If the previous node is empty, the next node of the element to be deleted is assigned to the first node; otherwise, the next node of the node to be deleted is assigned to the child node of the previous node of the node to be deleted.
Similarly, for the next node of the node to be deleted, perform the same operation in step 2.
Finally, set the deleted node to null and deduct the number of size and modeCount.
#4. Traversal
Next, the traversal of ArrayList and LinkedList is common, basically including five ways.
Here, we first initialize the set of 10 million data to be traversed;
int xx = 0;
@Before
public void init() {
for (int i = 0; i < 10000000; i++) {
list.add(i);
}
}
#4.1 ordinary for loop
@Test
public void test_LinkedList_for0() {
long startTime = System.currentTimeMillis();
for (int i = 0; i < list.size(); i++) {
xx += list.get(i);
}
System.out.println("Time consuming:" + (System.currentTimeMillis() - startTime));
}
#4.2 enhanced for loop
@Test
public void test_LinkedList_for1() {
long startTime = System.currentTimeMillis();
for (Integer itr : list) {
xx += itr;
}
System.out.println("Time consuming:" + (System.currentTimeMillis() - startTime));
}
#4.3 Iterator traversal
@Test
public void test_LinkedList_Iterator() {
long startTime = System.currentTimeMillis();
Iterator<Integer> iterator = list.iterator();
while (iterator.hasNext()) {
Integer next = iterator.next();
xx += next;
}
System.out.println("Time consuming:" + (System.currentTimeMillis() - startTime))
}
#4.4 forEach cycle
@Test
public void test_LinkedList_forEach() {
long startTime = System.currentTimeMillis();
list.forEach(integer -> {
xx += integer;
});
System.out.println("Time consuming:" + (System.currentTimeMillis() - startTime));
}
#4.5 stream
@Test
public void test_LinkedList_stream() {
long startTime = System.currentTimeMillis();
list.stream().forEach(integer -> {
xx += integer;
});
System.out.println("Time consuming:" + (System.currentTimeMillis() - startTime));
}
So, who is the slowest of the above five traversal methods? Learn and analyze according to our source code. Welcome to leave your answer in the comment area!
5, Summary
If you can't use ArrayList and ArrayList, you can't use ArrayList very well.

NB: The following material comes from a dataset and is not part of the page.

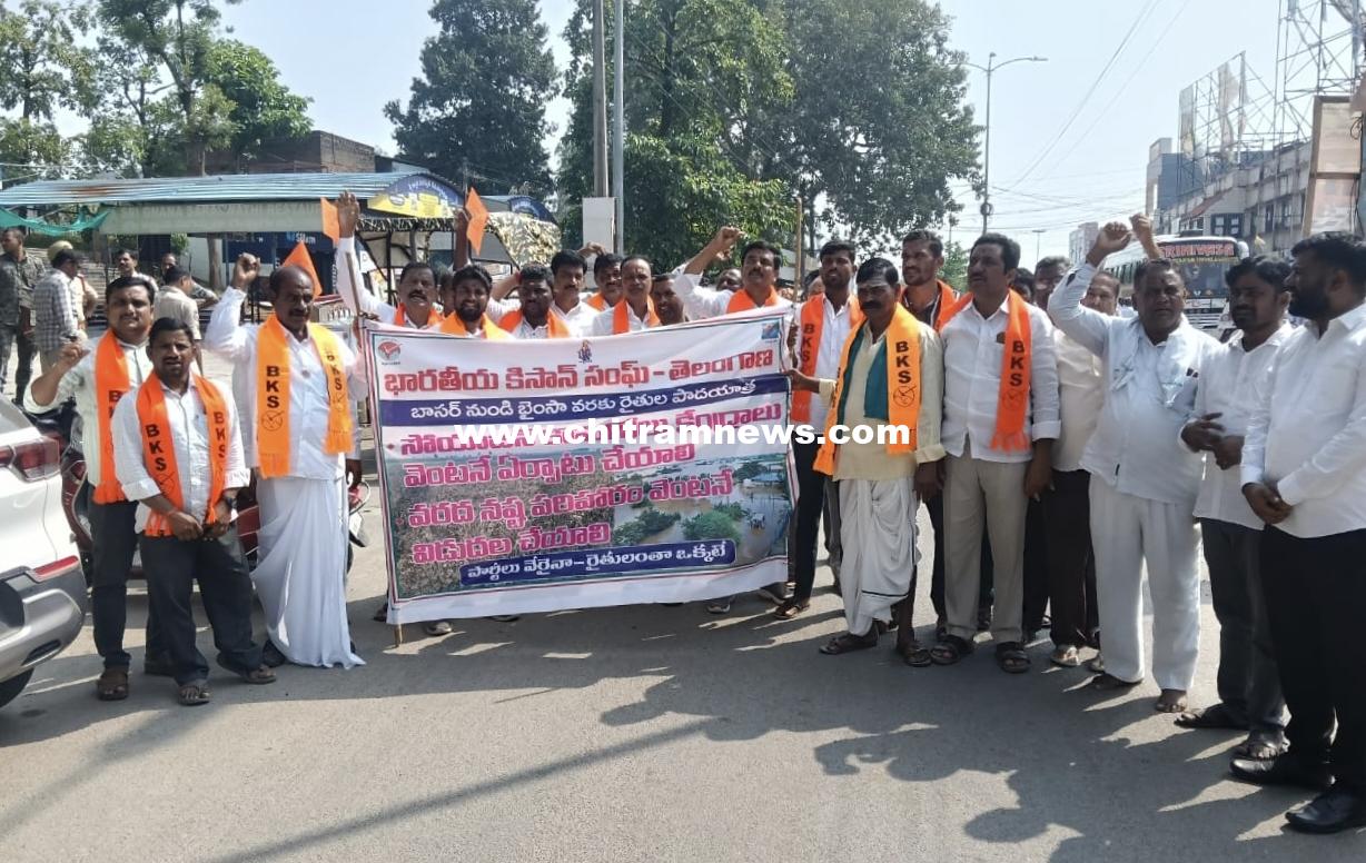 చిత్రం న్యూస్, బాసర:ప్రభుత్వం కొనుగోలు కేంద్రాలు ఏర్పాటు చేయలేదని నిరసిస్తూ భారతీయ కిసాన్ సంఘ్ (BKS) ఆధ్వర్యంలో బాసర, ముథోల్, తానూర్, బైంసా మండలాల రైతులు ప్రభుత్వ తీరుకు నిరసనగా ర్యాలీ చేపట్టారు. వరదలతో నష్టపోయిన రైతులను ప్రభుత్వం ఆదుకోవాలని, సోయా పంట చేతికి వచ్చిందని, సరైన మద్దతు ధర ఇవ్వకుండా ప్రతి పంటకు రైతులు ఇబ్బందులు పడుతున్నారన్నారు. ఇప్పటివరకు కొనుగోలు కేంద్రాలు ఏర్పాటు చేయలేదని, రైతులను ప్రభుత్వం పట్టించుకోవటం లేదని, అధికారులకు ఎన్ని వినతి పత్రాలు ఇచ్చినా చలనం లేదని మండిపడ్డారు. మంగళ వారం ముథోల్ లోని పశుపతినాత్ శివాలయంలో బసచేసి బుధవారం ఉదయం భైంసా సబ్ కలెక్టర్ కార్యాలయం ముందు నిరసన తెలుపనున్నారు.ప్రభుత్వం స్పందించకపోతే రైతులందరినీ ఏకం చేసి రాష్ట్రవ్యాప్తంగా తీవ్ర నిరసనను చేపడతామని భారతీయ కిసాన్ సంఘ్ నాయకులు హెచ్చరించారు. అంతకుముందు నిర్మల్ జిల్లా బాసర అమ్మవారి ఆలయంలో ప్రత్యేక పూజలు నిర్వహించారు.

However, if you can be sure that you will have a large number of insert, delete and get operations at the top of the collection, you can use LinkedList because it has corresponding methods; addFirst, addLast, removeFirst, removeLast, getFirst, getLast. The time complexity of these operations is O(1), which is very efficient.
The linked list structure of LinkedList does not necessarily save space than ArrayList. Firstly, the memory it occupies is not continuous. Secondly, it also needs a large number of instantiated objects to create nodes. Although it does not necessarily save space, the linked list structure is also a very excellent data structure, which can play a very excellent role in your program design. For example, the visual link tracking diagram needs the linked list structure, and each node needs to spin once for the serial business.
The essence of the program is often the design of data structure, which can provide very efficient changes for your program development. Maybe you can't use it yet, but in case you need to build it one day 🚀 Where's the rocket?